Any of the major monolines are absolutely fine to deal with, have good customer service and tend to be agressive with rates and keeping customers happy in order to win market share.
If you're renewing it doesn't hurt to talk to a broker and rate compare. Your current lender may have the best rate, they may not. If someone else beats them you can always show your existing lender the rate and ask them to better it.
Also, if your mortgage doesn't secure a collateral charge (secured line of credit) many lenders offer a zero fee transfer (no legal costs), although your existing lender will charge you a discharge fee and document fees (Big 5 banks charge for mortgage payout statements just like almost all lenders, sometimes they even are "accidentally" slow issuing the payout statement to the new lender so the client misses their maturity date to transfer).

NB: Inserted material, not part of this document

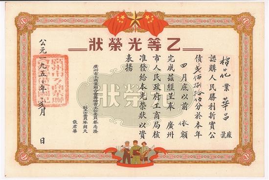 公债发行额度按各大区分配。广州是中南地区最踊跃支持国家公债的城市之一。这一光荣状折射出岭南工商业界群众踊跃认购的热情,更体现出岭南群众对新中国政权的积极支持和高度信任。

Additionally if you have or previously had a High Ratio mortgage where you as the client paid a mortgage insurance fee (even if you're loan to value is now below 80%, as long as you haven't refi'd since then) you can transfer it qualifying at contract rate (around low 2% right now), instead of the now federally mandated benchmark rate of 4.64% which opens up some options for some people that are at the limit for debt servicing.
To say you get what you pay for at a big 5 is a bit of a naieve statement as there are many monoline options, as well as non big 5 banks, that offer comparable or better service and products. Like anything in life it generally pays to shop around. Rates move around all the time, there isn't one lender that is always better.
Everyone gets clients who don't like their current lender, if you move around in the industry you'll find it's pretty much the same wherever you are (monolines fund their mortgages with Big 5 funds as investors anyway).